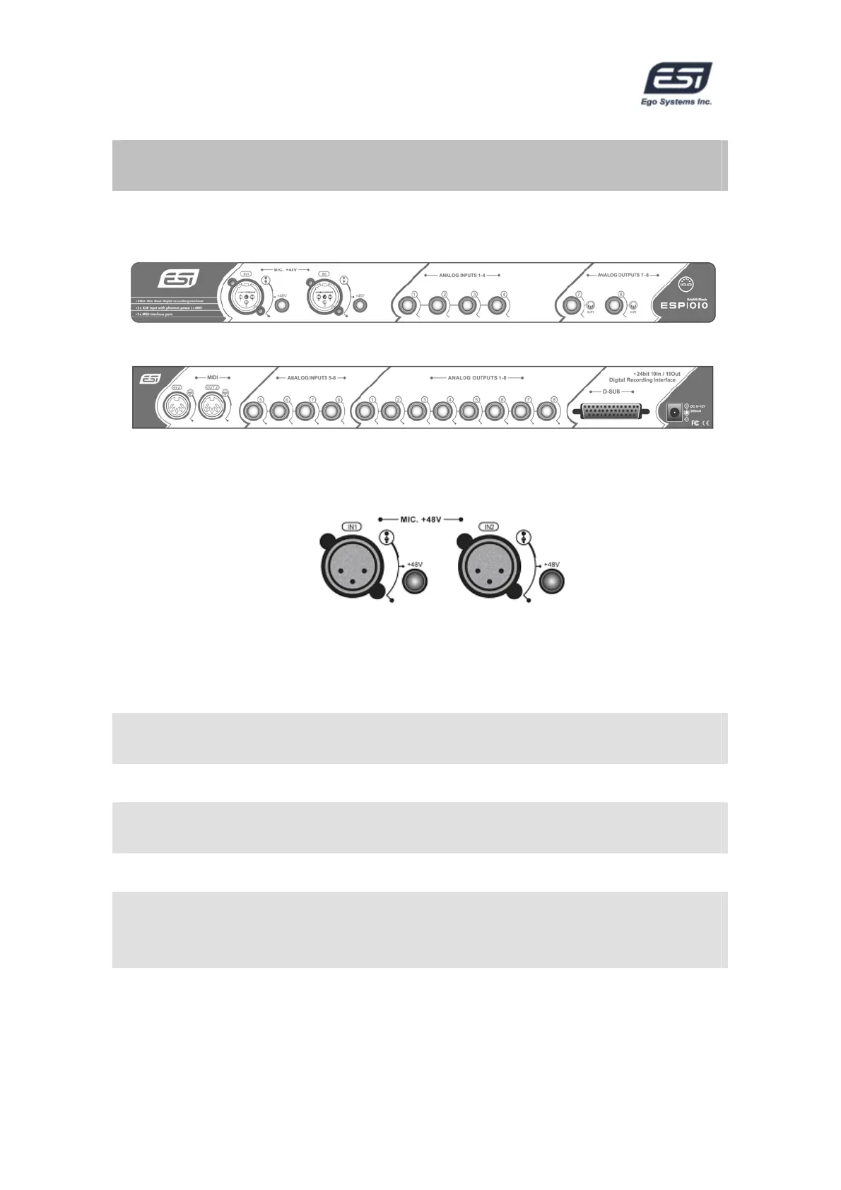 WARNING: To use the +48V Phantom power supply, you need to connect an
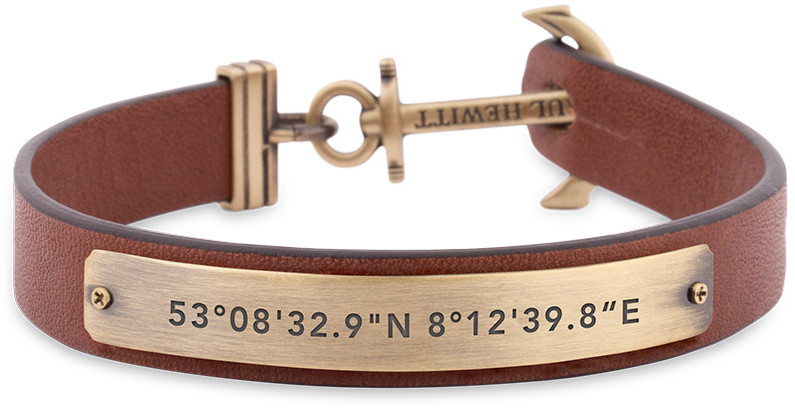 Paatuneemmallekin merikarhulle sopiva Paul Hewittin Signum -mallisto tuo seitsemän meren tyrskyt mukanaan tässä PH-MSC-M-Br-XL Coordinates -rannekorussa. Nahkarannekkeen kullanväriset, ruostumattomasta teräksestä valmistetut yksityiskohdat säestävät kiinnikkeenä toimivaa ankkuria, joka onkin ehdottomasti tämän korun päätähti. Metallilevyyn kaiverretut koordinaatit vievät pohjois-Saksaan, Paul Hewitt -tuotteiden kotikonnuille. Korun pituus 21,5 cm.
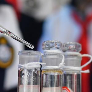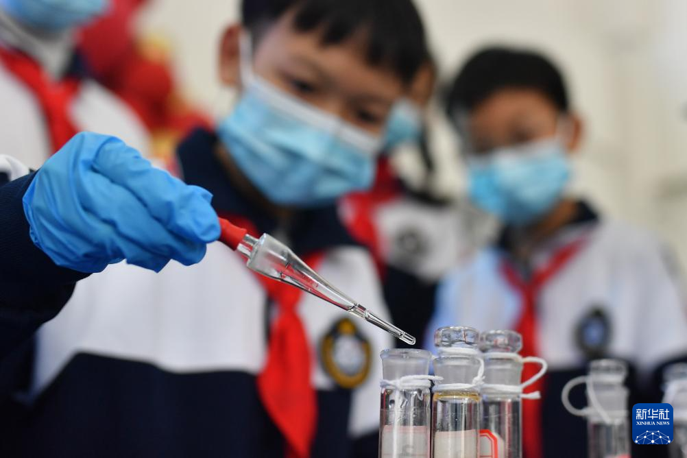 3月20日,在山东省青岛市市北区宁安路小学开展的“滴水在指尖 节水在心间”主题活动上,一名学生在做污水净化小实验。
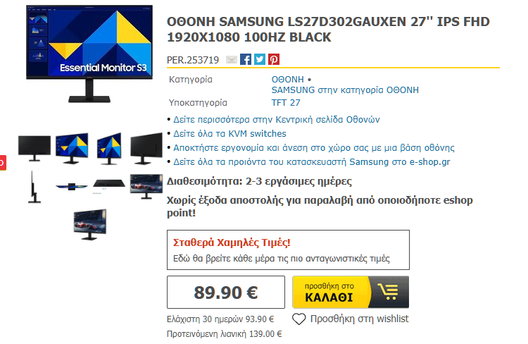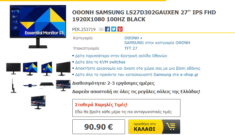 - Στο E-shop: SAMSUNG LS27D302GAUXEN 27” IPS

(WORK REQUEST): Once the line holding "Paatuneemmallekin merikarhulle sopiva" is found, copy it and each later line exactly through the end of the data, leaving out the pictures.

(SOLUTION):
 Paatuneemmallekin merikarhulle sopiva Paul Hewittin Signum -mallisto tuo seitsemän meren tyrskyt mukanaan tässä PH-MSC-M-Br-XL Coordinates -rannekorussa. Nahkarannekkeen kullanväriset, ruostumattomasta teräksestä valmistetut yksityiskohdat säestävät kiinnikkeenä toimivaa ankkuria, joka onkin ehdottomasti tämän korun päätähti. Metallilevyyn kaiverretut koordinaatit vievät pohjois-Saksaan, Paul Hewitt -tuotteiden kotikonnuille. Korun pituus 21,5 cm.
 3月20日,在山东省青岛市市北区宁安路小学开展的“滴水在指尖 节水在心间”主题活动上,一名学生在做污水净化小实验。
 - Στο E-shop: SAMSUNG LS27D302GAUXEN 27” IPS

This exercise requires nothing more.